After weeks of mobilising people, 18 October finally came. I met up with the organising committee before we headed to the Malaysian High Commission. Our leader, Jo Fan, was clearly stressed out. As expected, the turnout was not exactly what I would call comparable to Bersih 3.0. 70 of us, dressed in black, were chanting, giving speeches and holding up placards demanding the repeal of the Sedition Act. For a good part of the protest, we saw no movement whatsoever for the High Commission. It was only after the protest when we lined up against the metal gates for a picture with our posters did we see the mobile phones pop up from the curtains.
And just like that, it was over.
Though most of the stress has gone by now, the weeks leading up to the protest has given me — and probably, the rest of the committee — a lot to think about and a lot to learn from.
We learnt that this wasn’t just about the Sedition Act, it was about fighting an education system that has taught Malaysian students not to care, not to question, a system that has put fear into students for thinking critically.
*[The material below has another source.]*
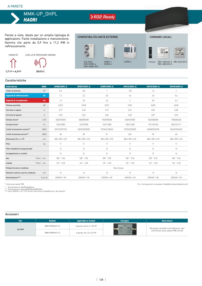 Per i limiti geometrici consultare il DataBook (www.toshibaclima.it

In the course of mobilising people, I came to learn that scholarship holders were not allowed to participate in such events as stated in their contracts. While I did expect this out of government scholarships, I did not expect this out of corporate sponsors. One of my friends told me how his contract explicitly warns against participating in anything seditious and another told me about how she was not allowed to take part in public demonstrations. Fear was entrenched in the private sector as well.
I learnt to manage my expectations: if I was serious about activism long term, I had to face the fact that this was not going to be my only disappointment. I could not shut out Malaysians around me simply because I felt they didn’t care enough. Not everybody is willing to protest; everybody has different roles to play in the long run. As for those who simply chose to remain ignorant, I had to stop myself from judging them harshly; many of us came from a system that taught us to be like that. Not everybody would want to step out of the system — not everybody can.
I also learnt to always look at the positives. One woman gave a speech at a protest telling us that when Bersih first started out, it was just five people protesting in front of the High Commission every Saturday. It took over five years for that small group to progress to the Bersih 3.0 turn out. Maybe in a couple of years, with enough effort, there will no longer be 70 of us but hundreds instead.
I learnt the importance of surrounding yourself with like-minded people because where else are you going to draw your energy from? We had to stay together for the purpose of encouraging each other.
I also learnt that despite the exhaustion, despite the heart-wrenching disappointments, I wanted to be involved in the process of changing Malaysia in the long term. Raising awareness about the Act in the course of mobilising people was the best thing that resulted from this. From my side, the second best thing was being even more sure about wanting to be involved in the process of change.
And that makes the exhaustion worth it.